British Airways warned today that air fares would have to rise after it announced an 88% plunge in pre-tax profits for the first quarter of the financial year.

BA chief executive Willie Walsh said the company was in "the worst trading environment" the aviation industry had faced and it was "absolutely inevitable" that fare levels would have to reflect the huge rise in the BA fuel bill.

BA also announced that it was reducing its winter 2008/09 capacity by 3.1%.

The carrier said its pre-tax profits for April-June were £37 million - an 87.6% dip compared with the £298 million figure for the same period last year.

Fuel costs were up 49% and Mr Walsh said the annual fuel bill was expected to top £3 billion - the equivalent of more than £8 million a day.

Mr Walsh said it was "impossible to say" how much fares would have to go up.

He said: "The main driver behind fare increases will be the high oil price. It's very clear that the industry is going to have to reflect this high price."

Mr Walsh continued: "We are in the worst trading environment the industry has ever faced.

"The combination of unprecedented oil prices, economic slowdown and weaker consumer confidence has led to substantially lower first-quarter profits.

"Fuel prices have doubled in the past year. A successful hedging programme mitigated the impact but nevertheless fuel costs at £706 million were up £233 million in the quarter."

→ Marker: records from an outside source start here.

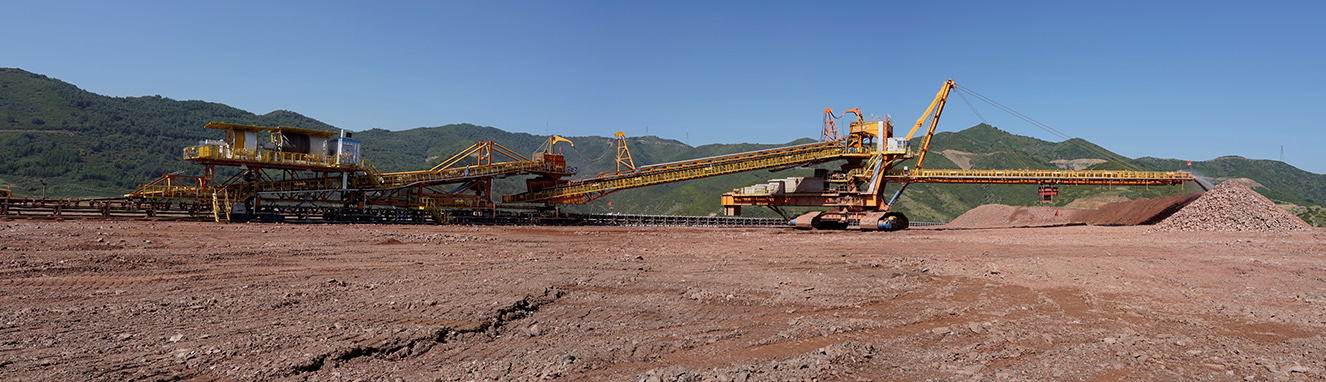 排土機(jī)位于大型露天礦山半連續(xù)開(kāi)采系統(tǒng)的末端,用于運(yùn)輸和排棄物料。排土機(jī)與卸料車(chē)協(xié)同工作:卸料車(chē)完成物料的提升,將物料傳送至排土機(jī)的受料皮帶上,排土機(jī)將卸料車(chē)輸送來(lái)的物料通過(guò)排料臂有序排棄至排土場(chǎng);排土機(jī)與卸料車(chē)互鎖聯(lián)動(dòng)完成排土作業(yè)。排土機(jī)按照排土工藝隨排土場(chǎng)的推進(jìn)而移動(dòng)。
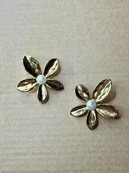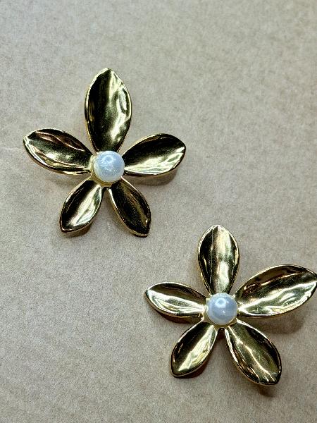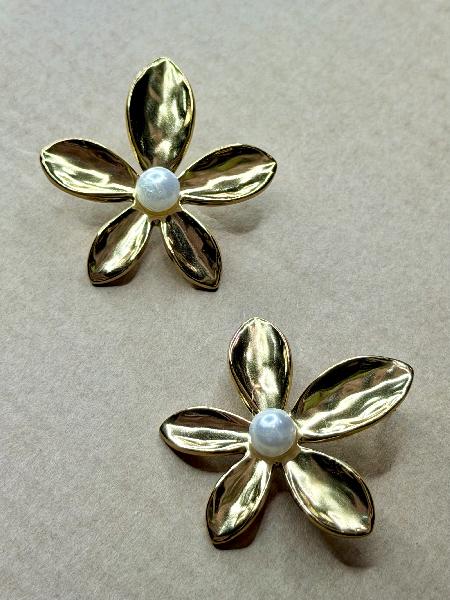 Brincos flor com pérola sintética central em branco desgastado. Totalmente em aço inoxidável. Apenas disponível em dourado.
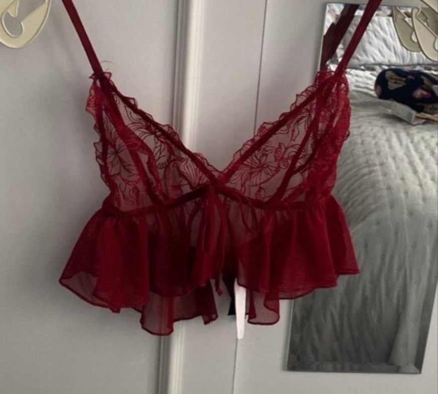 Bordo renkli, V yakalı, askılı, nakışlı ve fırfırlı gotik tarzda, vücuda oturan büstiyerdir. Sentetik yumuşak kumaştan yapılmıştır, romantik akşamlar için uygundur.
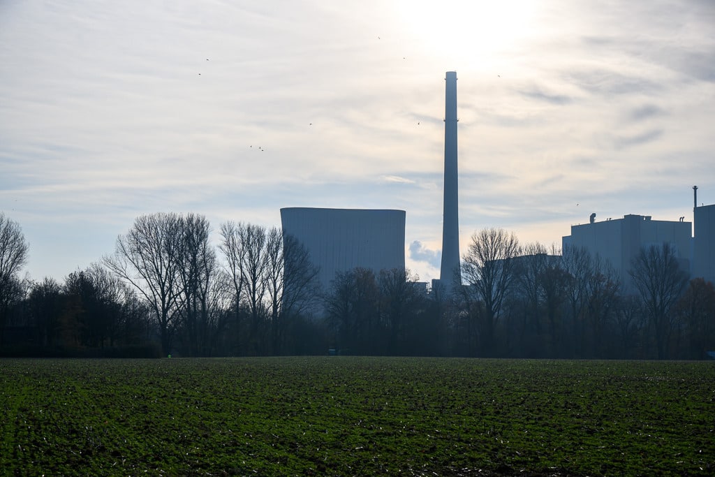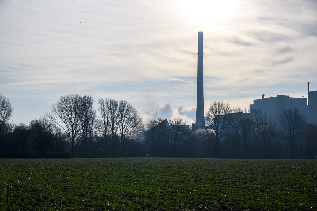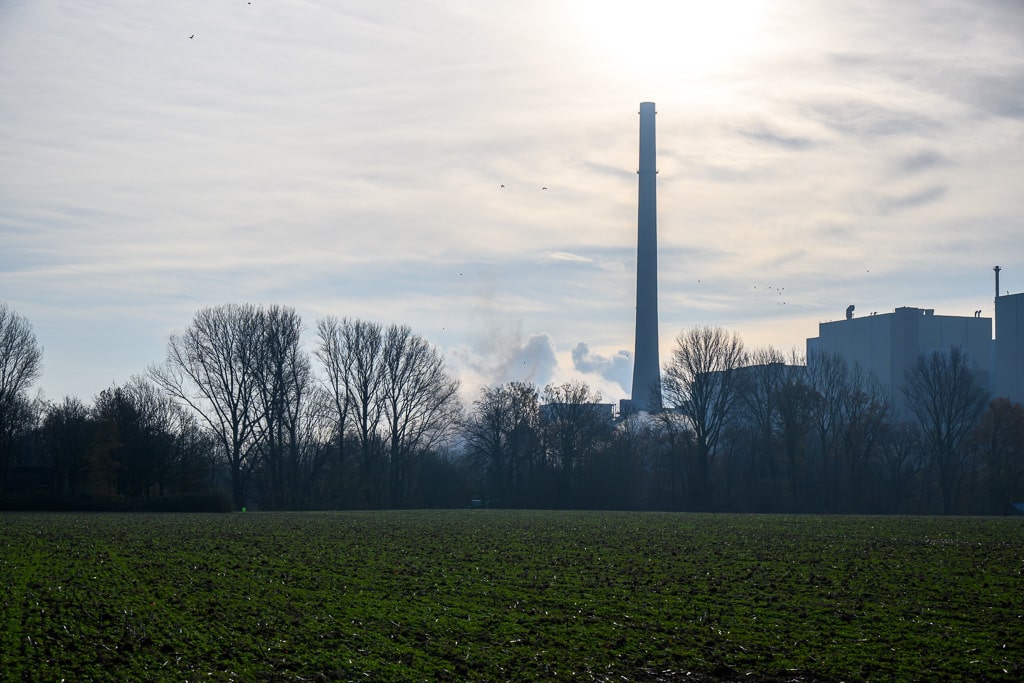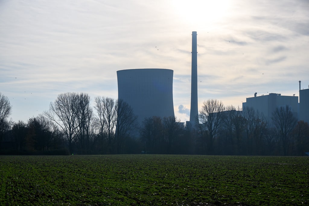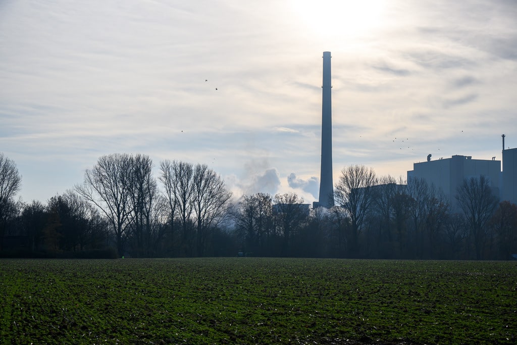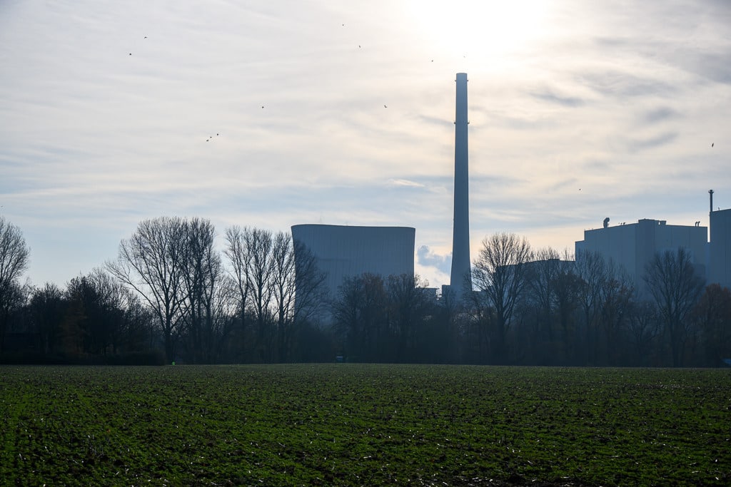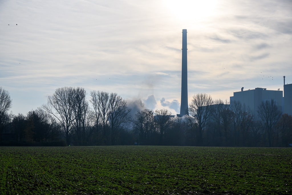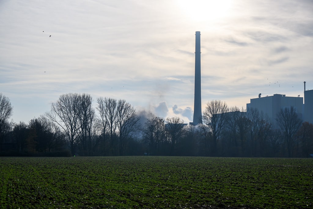 Kurz nach 9 Uhr erreichen wir den Parkplatz Strandhaus Ahr gegenüber dem namengebenden Strandhaus Ahr. Der Übergang von der Frankfurter Straße zur Ahrstrasse ist nicht gesperrt. Der Parkplatz ist so früh noch so gut wie leer. Wir begeben uns zu Fuß zurück zur Frankfurter Straße weiter zur Straße In den Eichen. Von dort haben wir geplant die Sprengung des Kühlturms im Kraftwerk Voerde zu dokumentieren. Als wir dort eintreffen ist nur ein Team vom WDR mit Kamera und Drohne schon vor Ort. Es herrscht fast so etwas wie Götterdämmerung.

BA had to endure a catastrophic opening of Heathrow's Terminal 5 (T5) in March, with flights cancelled, bags going astray and huge queues.

Today, Mr Walsh said T5 was "performing well" and six million passengers had travelled through the £4.3 billion terminal.

BA's first-quarter operating profit was £35 million compared with £266 million for the same period last year. Net debt dipped £206 million to £1.1 billion.

Passenger revenue rose 2.9% but weaker consumer confidence meant planes in March-June travelled 73.4% full - a 3.4% dip on the figure for the same time last year.

BA lowered its guidance for revenue growth in the full year from 4% to 3%, with non-fuel costs targeted to rise by 3% instead of the previous guidance of 3% to 3.5%.

The airline said it would be several months before its planned merger with Spanish carrier Iberia would be completed but it was confident of securing regulatory approval.

Talks about "further co-operation" with giant US carrier American Airlines were "progressing well".

Mr Walsh said it was "far too early to say" what impact the planned merger with Iberia would have on jobs at BA.

He added: "I believe a merger with Iberia is good for BA and for Iberia. If people are concerned about jobs, I have to say that long-term job security can best be achieved through strengthening BA through a merger like this."